= Theory Z =

Various theories of human motivation

Theory Z is a name for various theories of human motivation built on Douglas McGregor's Theory X and Theory Y. Theories X, Y and various versions of Z have been used in human resource management, organizational behavior, organizational communication and organizational development.

McGregor's Theory X states that workers inherently dislike and avoid work and must be driven to it, in contrast to Theory Y which states that work is natural and can be a source of satisfaction when aimed at higher order human psychological needs.

One Theory Z was developed by Abraham H. Maslow in his paper "Theory Z", which was published in 1969 in the Journal of Transpersonal Psychology. A second theory is the 3D theory which was developed by W. J. Reddin in his book Managerial Effectiveness (1970), and a third theory is William Ouchi's so-called "Japanese management" style, which was explained in his book Theory Z: How American Business Can Meet the Japanese Challenge (1981) responding to the Asian economic boom of the 1980s.

For Ouchi, Theory Z focused on increasing employee loyalty to the company by providing a job for life with a strong focus on the well-being of the employee, both on and off the job. According to Ouchi, Theory Z management tends to promote stable employment, high productivity, and high employee morale and satisfaction.

==Pre-Theory Z==
Abraham Maslow, a psychologist and pioneer in human motivation, developed a theory of motivation based upon human needs that had three assumptions. First, human needs are never completely satisfied. Second, human behavior is purposeful and motivated by a need for satisfaction. Third, these needs can be classified according to a hierarchical structure of importance from the lowest to highest (Maslow, 1954):
1. Physiological need
2. Safety needs
3. Belongingness and love needs
4. The esteem needs – self-confidence
5. The need for self-actualization – the need to reach your full potential

Maslow's hierarchy of needs theory helps the manager to understand what motivates an employee. By understanding what needs must be met in order for an employee to achieve the highest level of motivation, managers are then able to get the most out of production.

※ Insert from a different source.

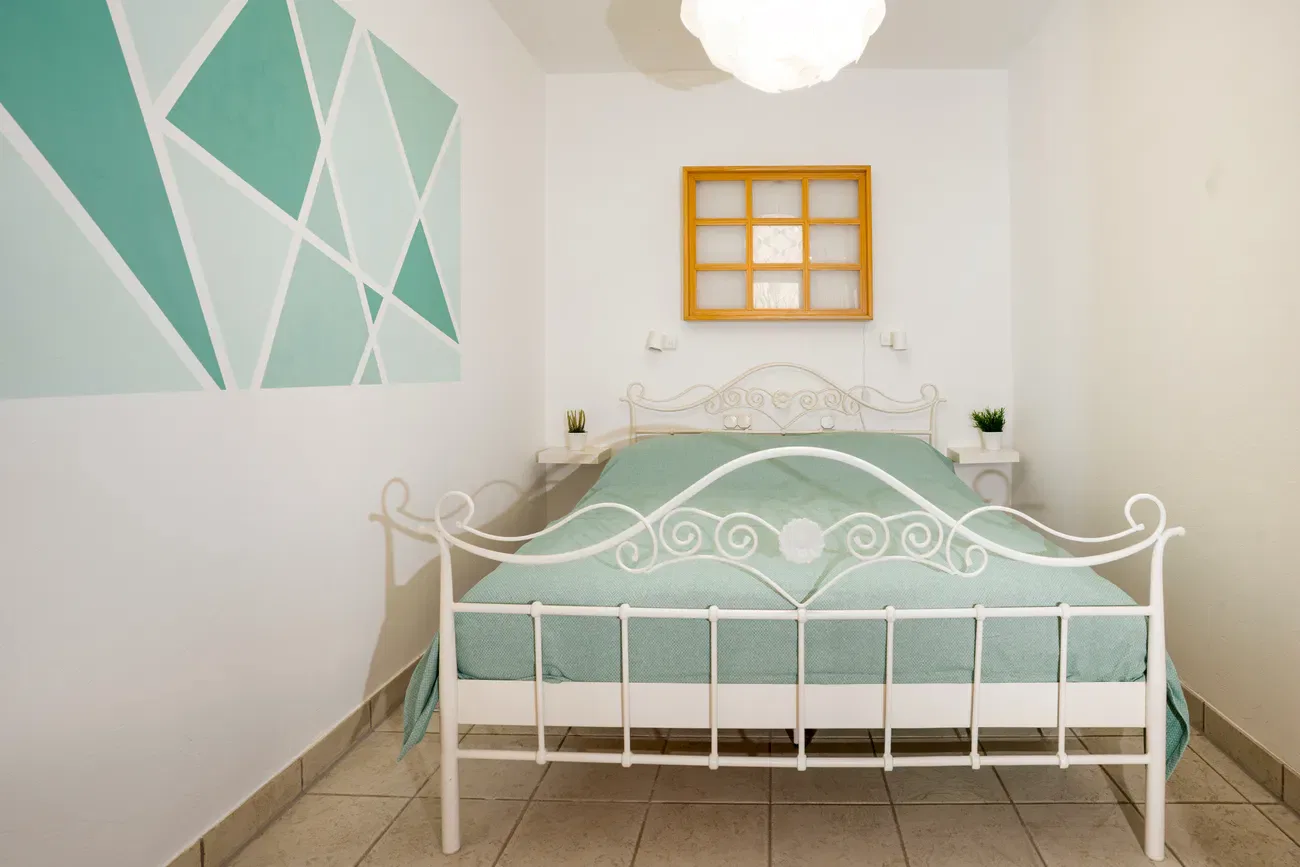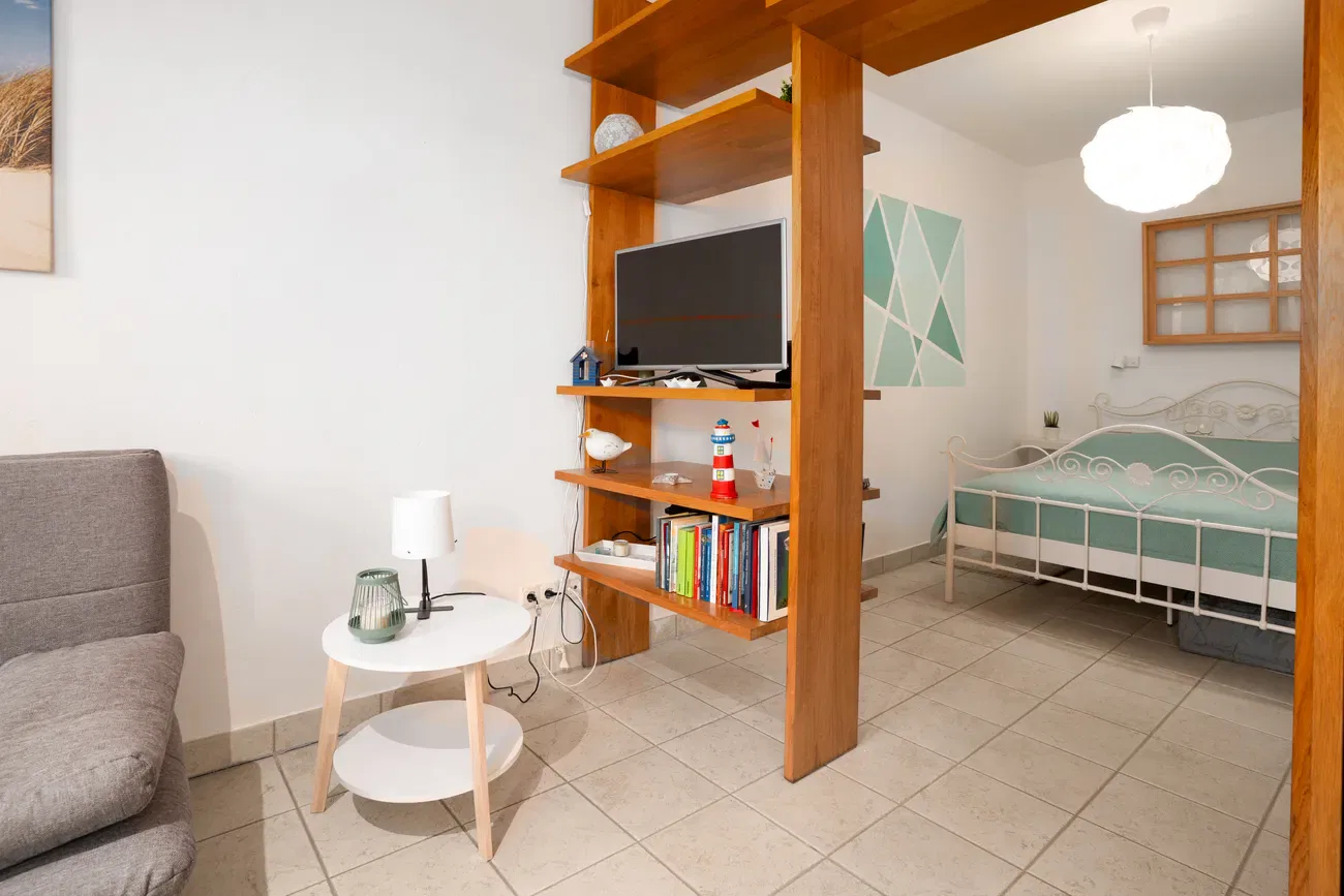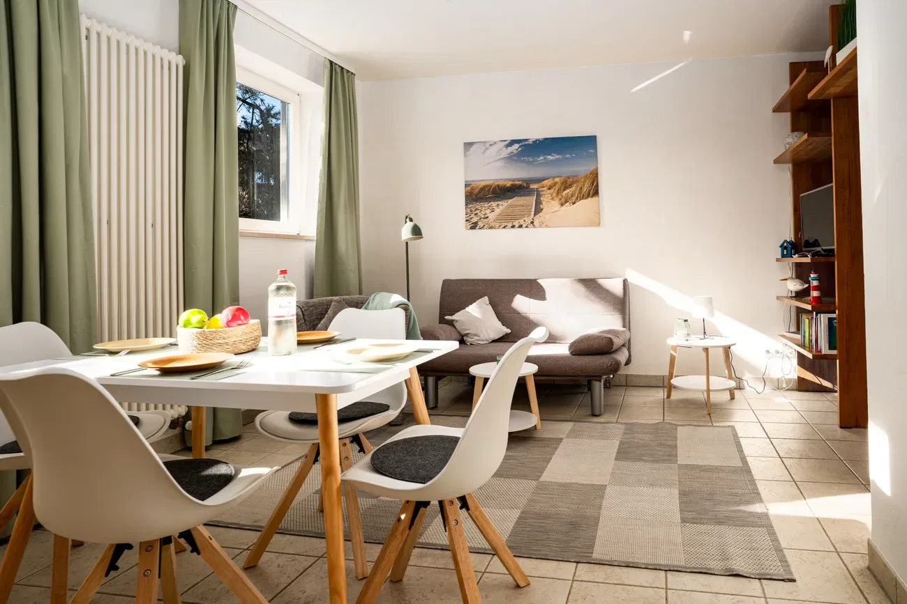 Die Fewo 1 Himmelblau empfängt Dich auf ca. 35 qm mit einem modernen und offen gestalteten Wohnkonzept. Das helle Studio ist ideal für bis zu 3 Personen zugeschnitten und überzeugt durch eine clevere Raumaufteilung: Ein stilvolles Regal dient als optischer Trenner und schafft eine gemütliche Privatsphäre für den Schlafbereich, ohne die Großzügigkeit des Raumes einzuschränken. Die integrierte Küchenzeile bietet alles für ein entspanntes Urlaubsfrühstück, das Du bei gutem Wetter auch im eigenen, kleinen Sitzbereich im Garten genießen kannst. Dank der Souterrain-Lage darfst Du Dich selbst im Hochsommer auf ein angenehm kühles und ruhiges Raumklima freuen.

Theory X and Theory Y were both developed by Douglas McGregor, a social psychologist interested in the characteristics of successful organizations. McGregor's book, The Human Side of Enterprise (1960), described Theories X and Y based upon Maslow's original hierarchy of needs. McGregor grouped the hierarchy into a lower order (Theory X) needs and a higher-order (Theory Y) needs. He suggested that management may need to motivate employees, but better results could be gained by using Theory Y, rather than Theory X (Heil, Bennis, & Stephens, 2000).

== Maslow's Theory Z ==
Late in his career Maslow focused increasingly on self-transcendence as a human phenomenon and concern. As he explained in his seminal paper titled Theory Z, the motivation for transcendence literally 'transcends' his original hierarchy of needs. So, for example, some people who achieve self-actualization — the highest level of his original pyramid — also achieve a transcendent life orientation, while other self-actualizers do not. On the other hand, some people, like the proverbial "starving artist," value self-transcendence ahead of all material values, including self-actualization (in the sense of being materially "successful"). Hence, for Maslow transcendence is not so much an extension of his original pyramid as an orthogonal dimension.

Theory X, Y and Z all play a role in how a company should manage successfully. Maslow believed the ideal organization would harness the human drive for self-transcendence, as well as the motivations of his original pyramid.